Task prompt:
All lines from the one that contains "Олимп чемпион Къардан Мурат" to the end of the data must be retyped exactly. Pictures are not retyped.

═════ Records shown ═════

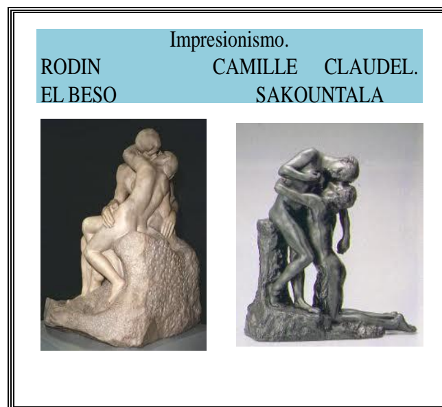
Fig nº 3. Material confeccionado por la autora

escultora y su obra y claramente nos obliga a comentar toda suerte de sentimientos que despiertan estas obras en nosotros como espectadores y también como estudiosos de la materia de Historia del Arte.
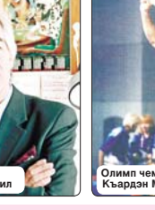
Олимп чемпион Къардан Мурат
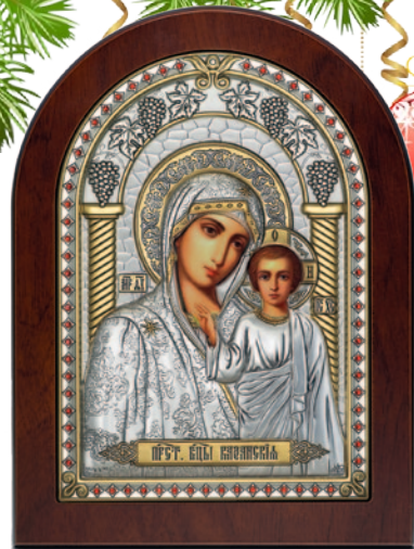
Икона Божией Матери Казанская
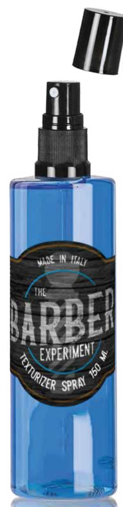
TEXTURIZER SPRAY COD BE970 € 15,60
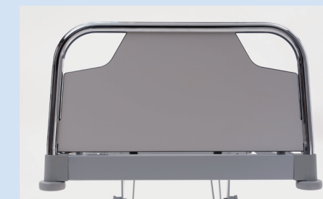
④ Absturzsicherung am Fußende

═════

Exercise answer:
Олимп чемпион Къардан Мурат
Икона Божией Матери Казанская
TEXTURIZER SPRAY COD BE970 € 15,60
④ Absturzsicherung am Fußende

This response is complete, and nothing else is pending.